Suppose you are buying property with a friend, fiancé, relative or spouse. Did you know there are different types of joint ownership? Your choice has serious consequences; both on your estate, if you die, and on your rights while you live. There are three common types of joint ownership known as tenancies – all created in the deed giving you title. They are tenants in common, joint tenants and tenants by the entirety. These tenancies date their beginnings to medieval England and are best understood by examining the differences between them. The discussion that follows is based on Virginia Law. Consult with a local attorney.

Tenants in Common
The law presumes tenants in common unless the deed you receive specifies otherwise. If one owner dies the property passes to his heirs, not necessarily the survivor. If there is a Will, it controls. Lacking a Will, the Virginia Code provides rules for intestate succession. Persons who are not married or related usually use tenants in common.
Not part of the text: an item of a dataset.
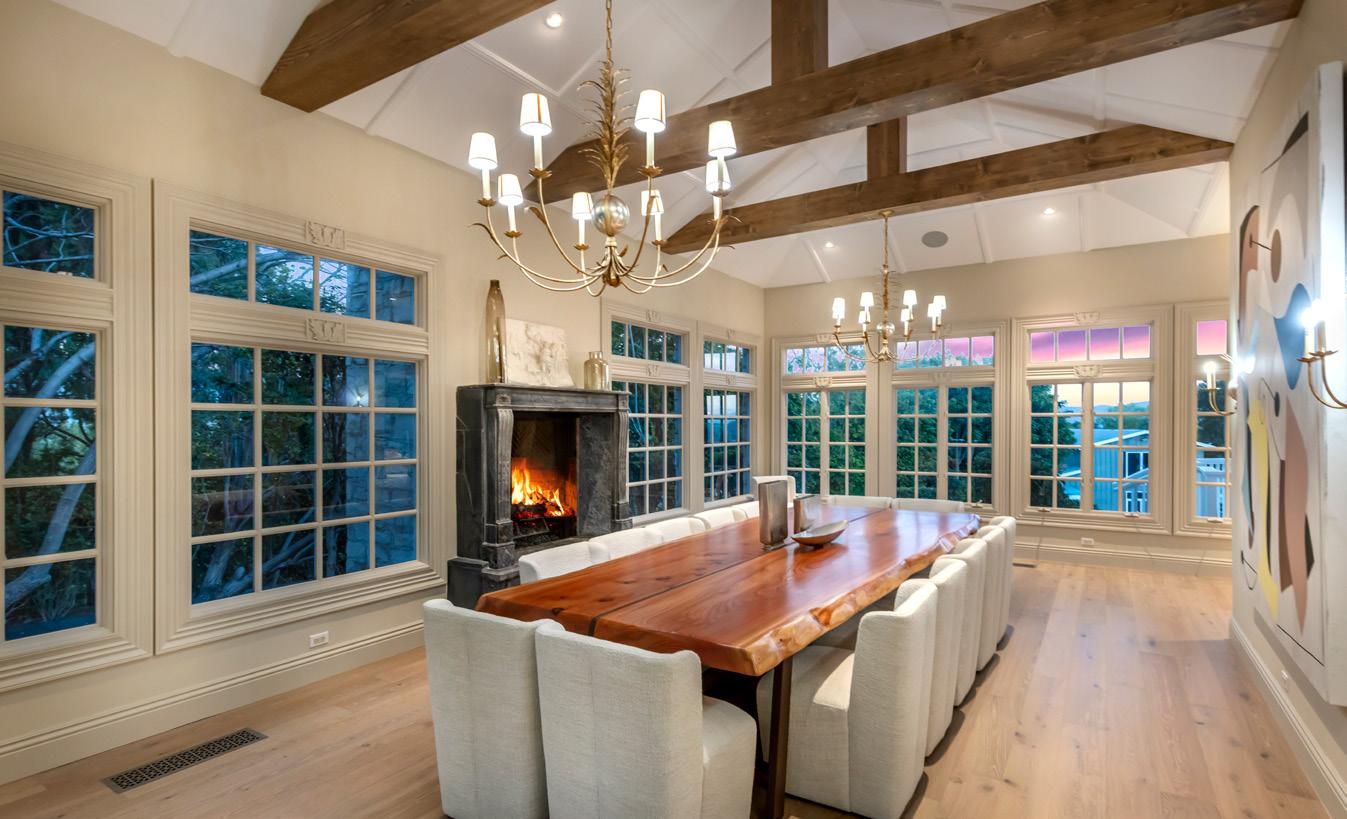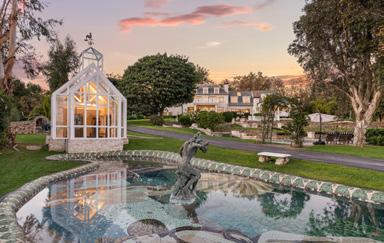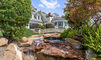 Renowned as one of the most exquisite custom residences in Orange County, this Hamptons-esque estate in the scenic coastal hills of San Juan Capistrano now showcases a brand-new $3,500,000 renovation that calls to mind the grandeur of classic Beverly Hills and European mansions from a bygone era. Originally constructed over seven years, the stately manor retains its sophisticated architectural style while incorporating on-trend appointments with top-tier finishes. Crowning an elevated home site of 3.83 acres just four miles from the ocean, the estate welcomes panoramic countryside views that stretch across surrounding hills, valleys and shimmering evening lights. Impressive entry gates open to reveal a long driveway with porte-cochere, covered front porch, custom fountain and marble statues that adorn the lush landscaping that compliments the elegant exterior clad in Burgundy French limestone. First impressions are stunning, with a towering twostory foyer complemented by a floating circular staircase, dome ceiling with skylight, imported chandelier, and illuminated art alcoves. Entertain formally in a living room with Artisan slate floors, an abundance of windows and French doors, and an elaborate ceiling with intricately carved beams. The private dining room accommodates large and small gatherings and offers windows on three sides, vaulted beam ceilings and imported stone fireplace.

A tenant in common may sell his interest without approval of the other owner. Unless specified otherwise, the law assumes you meant to have equal ownership.

Tenants by the Entirety
Tenancy by the entirety is only possible when the joint owners are husband and wife. Tenants by the entirety provides for a common law right of survivorship. The property goes automatically to the surviving spouse. No Will, probate or other legal action is necessary. One spouse can not use a Will to leave an interest to someone else.

This tenancy also follows the ancient legal theory that a married couple is one entity. Therefore, one owner may not convey an interest without the other. A creditor with a judgment against one of the owners can not collect it from entirety property. If there is a judgment against one spouse, the settlement attorney will ask for a continuous marriage affidavit from the seller. In it, the sellers will certify they have been married for the entire time they owned the property. Then, the judgment does not attach to the property or the proceeds of sale, as long as they are also maintained in a tenancy by the entirety bank account.

Upon divorce, tenancy by the entirety automatically converts to tenants in common.

Joint Tenancy
Joint tenancy is similar to tenants by the entirety but the co-owners are not married. Joint tenancy includes the common law right of survivorship, provided it is set out in the deed. Upon death of a joint tenant, title remains in the surviving joint tenant without further action. You can’t leave joint tenancy property to someone else in your will.

There are some important differences. Joint tenants are not married so they are not treated as one legal entity. One owner may petition the court to divide the property or order its sale. A judgment creditor may also petition the court to divide the property and collect the judgment from one of the owner’s shares.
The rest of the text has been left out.